How premiers have preferred their NSA over their diplomats

Israel's foreign minister Abba Eban found Prime Minister Golda Meir a difficult pupil to instruct.

Update: 2019-07-27 19:14 GMT
The National Security Council was used, abused and ignored, depending on the President's whims.

The office of the national security adviser (NSA) is about 70 years old. The innovation has proliferated in many countries; worse, it has been twisted and in some countries taken a perverse delight in diminishing the role, authority and prestige of the foreign office.

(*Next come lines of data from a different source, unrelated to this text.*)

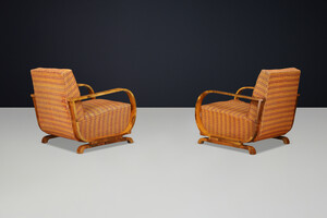Italian Art Deco Walnut Armchairs with Curved Frames, Italy 1930sOrigin: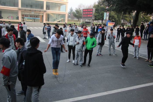 为更好的开展冬季体育运动,增强学生的体质,培养学生团结、拼搏的精神,12月15日下午,汽车工程系在教学楼前举行了一场紧张、激烈的跳绳比赛。全系100余名学生参加了比赛。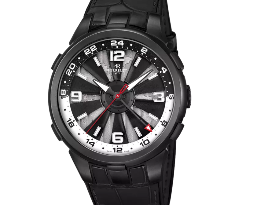 Mit der Turbine den Globus umkreisen - das ist der neue Traum, den Perrelet mit der Kollektion Turbine GMT heraufbeschwört. Im Gleichschritt mit den Bewegungen des Handgelenks dreht sich die zehnblättrige Turbine frei über dem Zifferblatt und gibt den Blick auf eine Weltkugel frei, die in ein Genfer Dekor eingraviert ist. Ausgestattet mit einer 24-Stunden-Doppelzeitfunktion verbindet die Kollektion Turbine GMT einmal mehr eine uhrmacherische Komplikation mit dem ikonischen Turbinenkonzept und beweist einmal mehr, dass sich ihre Star-Kollektion für alle möglichen Variationen eignet.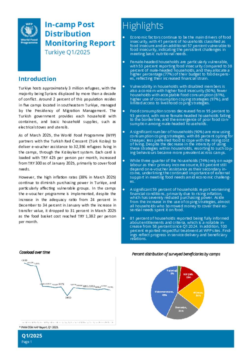 Türkiye - WFP: In Camp Post Distribution Monitoring Report - Q1/2025

In July 1947, the US enacted the National Security Act. Its main function, as I have described previously, was “to advise the President with respect to the integration of domestic, foreign, and military policies relating to national security so as to enable the military services” as well as other departments and agencies of the US government to cooperate in matters of national security. Secretary of state Dean Acheson described the process as “just a bit less formidable than that described in the first chapter of Genesis”.

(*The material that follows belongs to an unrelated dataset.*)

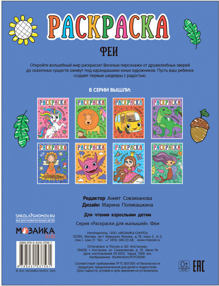 💳 Оплатить за товар можно при получении 🇰🇿 Есть бесплатная доставка по Казахстану от 1 дня 🎁 Копите бонусы с каждой покупки Серия: Раскраски для малышей С книгой «Феи» серии «Раскраски для малышей» ребенок сможет погрузиться в захватывающий мир фантазий и раскрасить очаровательных крылатых волшебниц. |

The National Security Council was used, abused and ignored, depending on the President’s whims. So was the NSA. Personal equations with the secretary of state or NSA mattered most. But he was not a part of the National Security Council. He was the President’s assistant for national security affairs.

It all started with President John F. Kennedy and McGeorge Bundy in 1961. Previous Presidents had aides who managed the National Security Council. Dwight Eisenhower created the position of special assistant for national security affairs, as it was then called. But he did so for the sake of policy planning, not day-to-day action. Kennedy was sceptical of long-term planning and wanted to handle foreign policy directly.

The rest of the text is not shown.